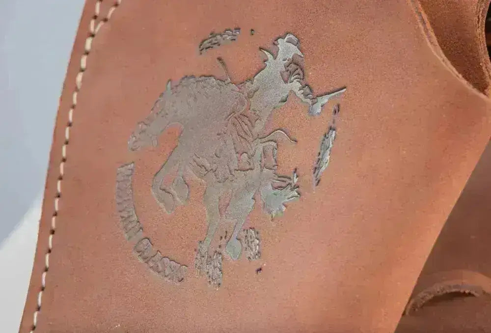 Karkea nahka ja paksut tikkaukset - Tyylikäs western-tyylinen revolverikotelo ja vyö. Sopii useimpiin ihmisiin ja revolvereihin.
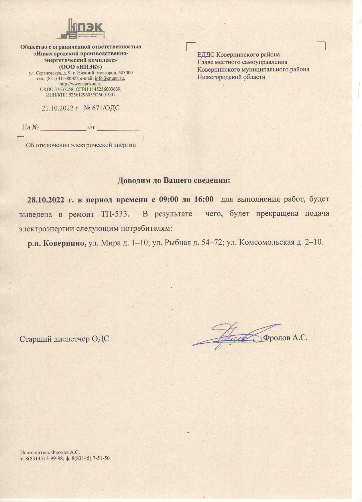 Плановое отключение ЭЭ 28.10.2022 ООО НПЭК
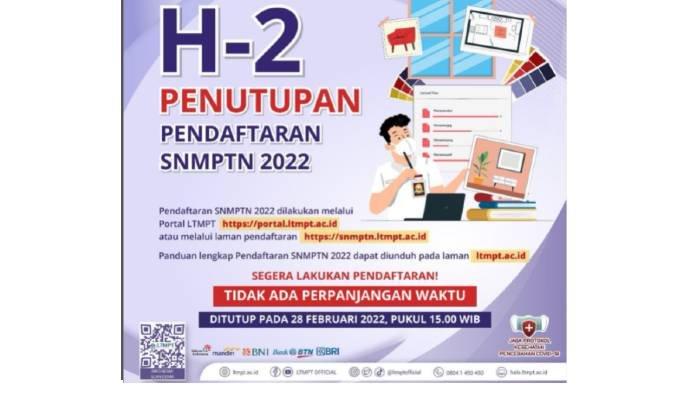 Pendaftaran SNMPTN segera ditutup 2 hari lagi, yaitu pada 28 Februari 2022 pukul 15.00 WIB, LTMPT ingatkan peserta bahwa tidak ada perpanjangan waktu.

┄┄┄┄┄┄

### Exercise goal
Return all the data above as written, leaving out only the pictures.

### Task answer
 Karkea nahka ja paksut tikkaukset - Tyylikäs western-tyylinen revolverikotelo ja vyö. Sopii useimpiin ihmisiin ja revolvereihin.
 Плановое отключение ЭЭ 28.10.2022 ООО НПЭК
 Pendaftaran SNMPTN segera ditutup 2 hari lagi, yaitu pada 28 Februari 2022 pukul 15.00 WIB, LTMPT ingatkan peserta bahwa tidak ada perpanjangan waktu.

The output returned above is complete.